Indonesiakusatu.com – Lebih dari 5.000 dokter spesialis anak menyampaikan keberatan terhadap kebijakan pajak yang tercantum dalam Peraturan Menteri Keuangan Republik Indonesia Nomor 168 Tahun 2023.
Peraturan tersebut mengatur ketentuan umum mengenai pemotongan pajak dan penerima penghasilan, serta penghasilan yang dikenakan pajak penghasilan pasal 21 dan/atau pasal 26 terkait dengan pekerjaan jasa atau kegiatan.
Seruan keberatan ini disampaikan melalui surat permohonan evaluasi kebijakan, yang ditandatangani oleh Ketua Umum Ikatan Dokter Anak Indonesia (IDAI), dr. Piprim Basarah Yanuarso, pada hari Senin, 17 Februari 2025.
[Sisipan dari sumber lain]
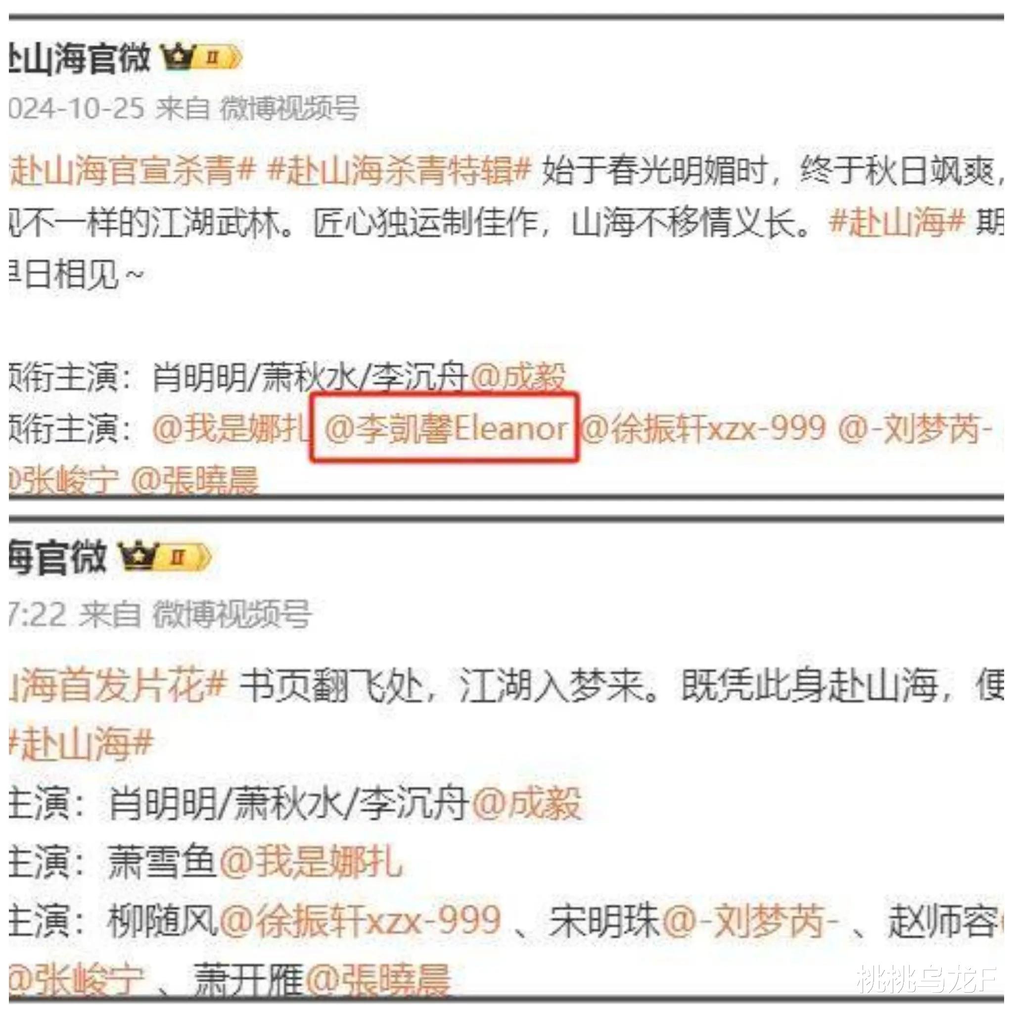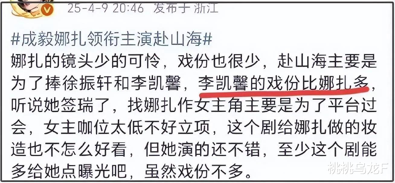 最戏剧化的是,《赴山海》剧组早在录音曝光前一天(4月9日)发布的预告片里,就把李凯馨的名字和镜头删得干干净净。原本她是女二号兼男主官配CP,戏份甚至比娜扎还多,但片花里只剩成毅的大男主剪辑,连娜扎都成了背景板。

Menurut Detik Health, aturan ini dianggap berdampak negatif bagi dokter, terutama yang melayani pasien JKN. Hal ini karena dalam regulasi tersebut, pajak penghasilan dokter dikenakan berdasarkan penghasilan bruto, sebelum dipotong bagi hasil dengan rumah sakit dan biaya operasional.
“Ini berarti dokter harus membayar pajak atas pendapatan yang sebenarnya tidak mereka terima,” kata Piprim Basarah dalam surat tersebut, yang dikutip pada Rabu, 19 Februari 2025.
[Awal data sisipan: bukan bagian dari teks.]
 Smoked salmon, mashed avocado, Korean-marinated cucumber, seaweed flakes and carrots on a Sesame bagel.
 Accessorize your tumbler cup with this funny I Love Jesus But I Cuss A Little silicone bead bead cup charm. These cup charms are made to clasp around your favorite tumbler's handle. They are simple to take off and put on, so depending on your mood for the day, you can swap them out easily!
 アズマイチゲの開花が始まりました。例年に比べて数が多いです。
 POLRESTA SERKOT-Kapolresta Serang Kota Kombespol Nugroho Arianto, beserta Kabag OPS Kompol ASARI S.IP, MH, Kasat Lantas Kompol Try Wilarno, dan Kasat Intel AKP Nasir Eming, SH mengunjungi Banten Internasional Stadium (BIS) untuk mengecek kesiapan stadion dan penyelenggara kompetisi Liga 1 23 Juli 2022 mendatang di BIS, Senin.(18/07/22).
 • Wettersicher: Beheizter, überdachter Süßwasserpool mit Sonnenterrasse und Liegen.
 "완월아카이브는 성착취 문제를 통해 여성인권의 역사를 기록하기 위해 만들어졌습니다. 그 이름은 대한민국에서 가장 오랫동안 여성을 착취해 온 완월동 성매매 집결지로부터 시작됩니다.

Terkait aturan ini, IDAI menyatakan bahwa pemotongan pajak berdasarkan penghasilan bruto juga menyebabkan dokter yang menerima honor dari berbagai sumber, seperti seminar, pelatihan, dan jasa konsultasi lainnya, terpaksa menanggung pajak progresif yang lebih tinggi.
“Hal ini berpotensi membuat dokter harus membayar pajak tambahan antara 5% hingga 30% dari pendapatan riil yang mereka terima, yang pada akhirnya akan semakin membebani,” jelas IDAI.
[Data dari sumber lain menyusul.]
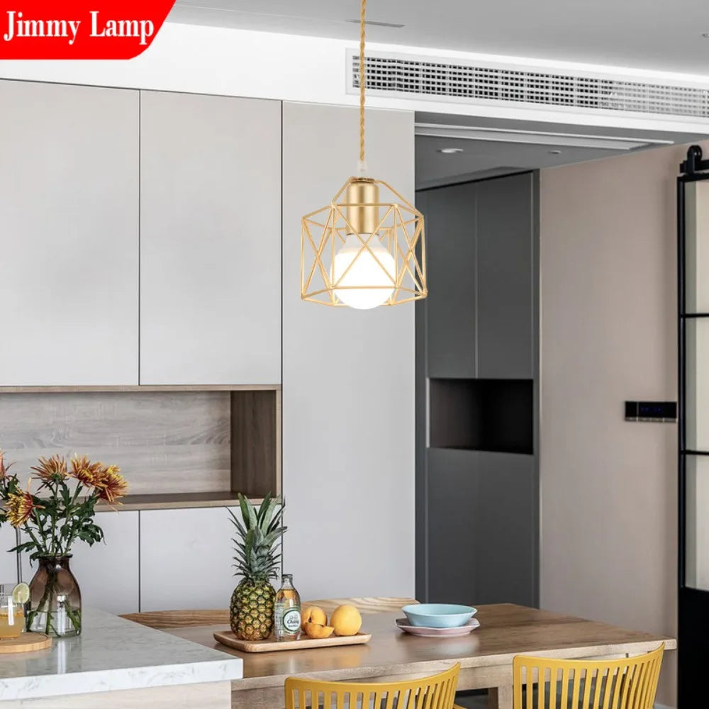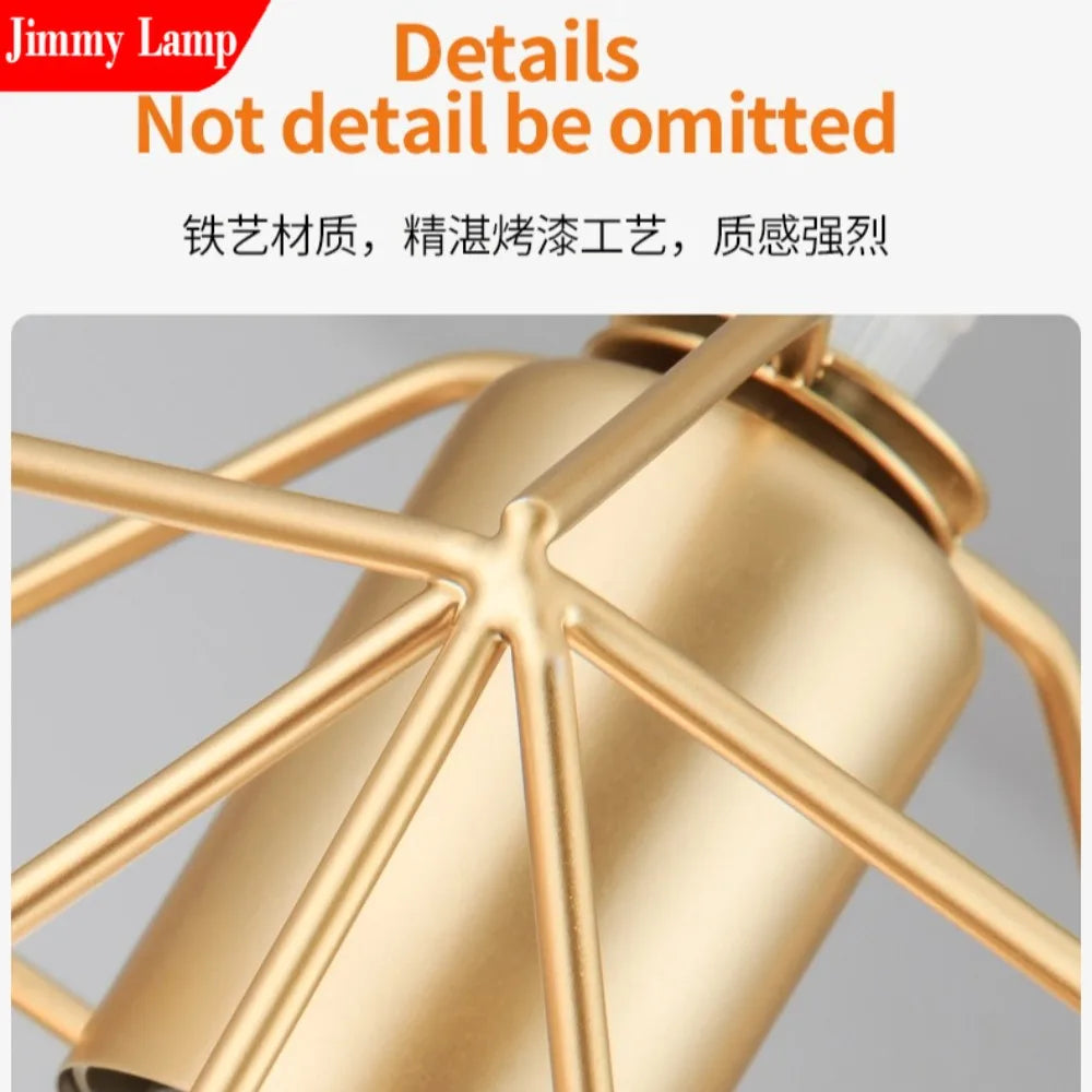 Nordic Iron Art E27 LED Golden Pendant Light Bar Bedroom Study Living Room Bedroom Bedside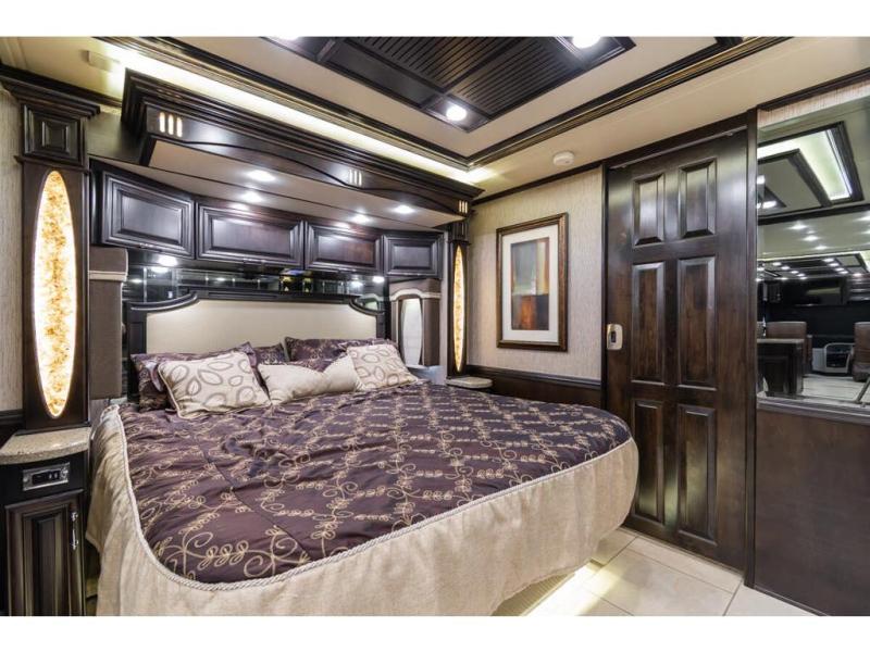 In the bedroom, across from the drawers, you will find a slide with a king bed, nightstands on either side of the bed, and an overhead cabinet above the bed.

Akibat pemotongan ini, IDAI menilai minat dokter untuk melayani pasien JKN berpotensi menurun. Pasalnya, sebagian besar dokter anak di rumah sakit melayani pasien JKN dengan tarif standar yang ditetapkan pemerintah. Jika pajak tetap dikenakan atas penghasilan bruto, bukan netto yang diterima, maka beban pajak akan semakin tinggi.
Menurut IDAI, aturan PMK ini membuat dokter seolah-olah diperlakukan seperti pajak perusahaan, di mana pajak dikenakan atas omzet atau penghasilan bruto, bukan laba bersih.
Sebagai bentuk protes terhadap kebijakan pajak dokter ini, IDAI menyerukan penundaan pelaporan pajak 2024 sampai ada keputusan yang lebih adil dari Kementerian Keuangan.
“Kami mengajak Kementerian Keuangan untuk berdialog dengan perwakilan IDAI agar kebijakan ini dapat dikaji ulang dengan mempertimbangkan prinsip keadilan bagi dokter yang melayani masyarakat, khususnya pasien JKN,” tegas Piprim Basarah.